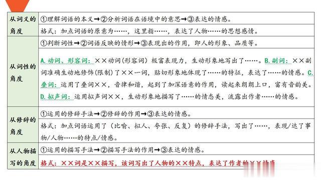 修辞题:手法+内容+效果(例:比喻让描写更生动)
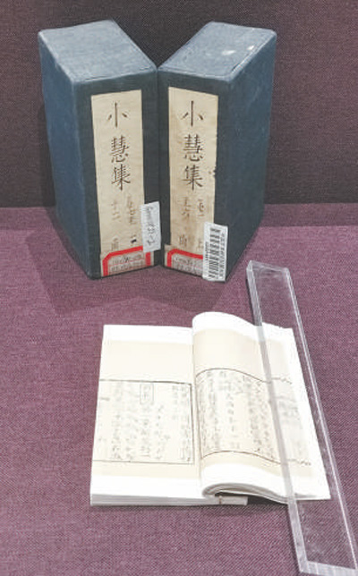 中國非物質文化遺產館展出的清代刻本《小慧集》,其中用工尺譜記錄的“鮮花調”是民歌《茉莉花》最早的曲譜之一。 記者 周飛亞攝
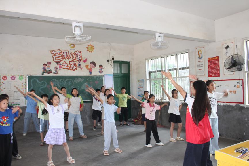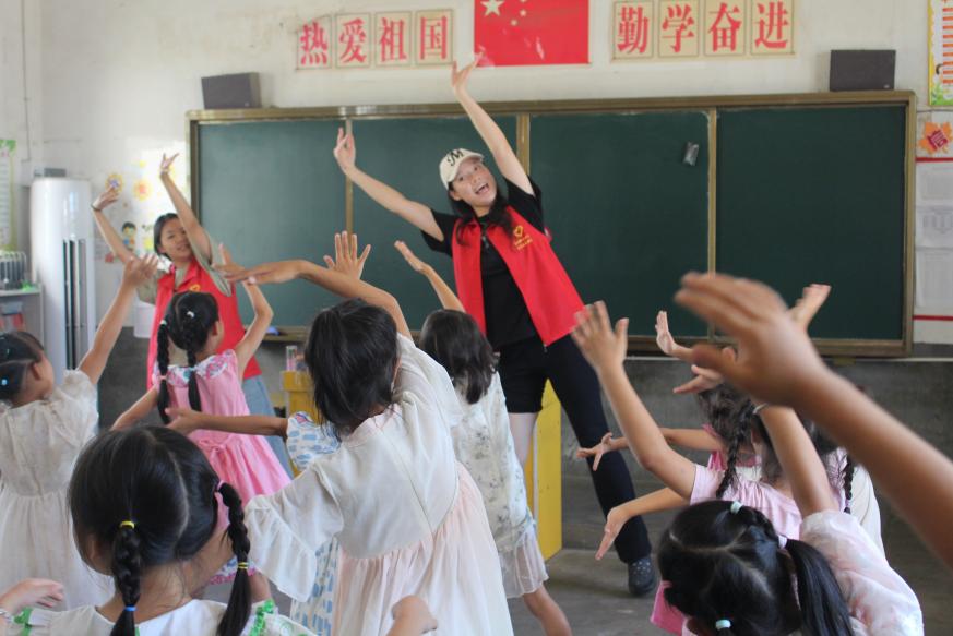 舞蹈课上,志愿者依年龄开展训练。低年级随《虫儿飞》旋律模仿蝴蝶振翅、小虫爬行,在律动中培养节奏感;高年级则练习《你要跳舞吗》,在活力的舞步中练习踢腿、转体等动作。孩子们会跟着志愿者的示范,认真模仿每一个动作。如果遇到孩子因动作不到位而着急,志愿者便耐心地再次讲解,“再试一次吧,你做得越来越好啦”。孩子们的动作已从刚开始的生涩渐至舒展熟练,他们不气馁、反复练习的模样,让志愿者倍感欣慰。
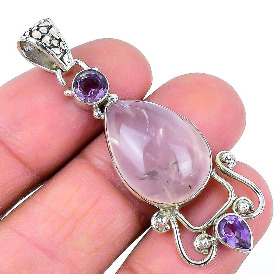 Heart Chakra Natural Rose Quartz Handcrafted Boho Pendant Solid Sterling Silver
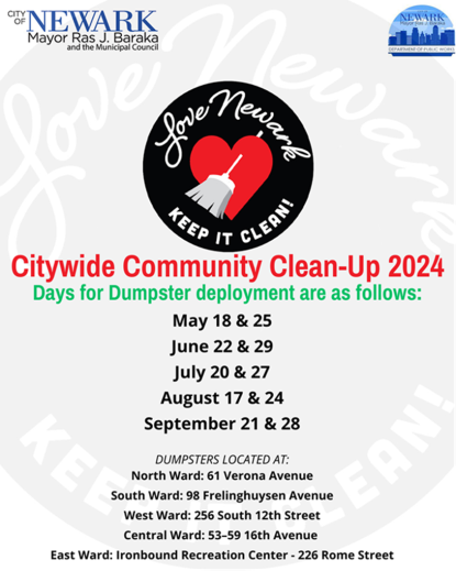 Mayor Ras J. Baraka announced today that the Department of Public Works (DPW) is resuming its “Love Newark Keep it Clean” campaign by deploying trailers of rubbish removal equipment and dumpsters to each ward beginning on Saturday, May 18, and continuing two Saturdays a month, through Saturday, September 28. A schedule of dates and locations follows. Starting on Saturday, May 18, at 8 […]

Task to carry out → Nothing but the lines from the one containing "Heart Chakra Natural" through the end of the listing should be printed, each exactly as it appears and without pictures.

Reply to the exercise →
 Heart Chakra Natural Rose Quartz Handcrafted Boho Pendant Solid Sterling Silver
 Mayor Ras J. Baraka announced today that the Department of Public Works (DPW) is resuming its “Love Newark Keep it Clean” campaign by deploying trailers of rubbish removal equipment and dumpsters to each ward beginning on Saturday, May 18, and continuing two Saturdays a month, through Saturday, September 28. A schedule of dates and locations follows. Starting on Saturday, May 18, at 8 […]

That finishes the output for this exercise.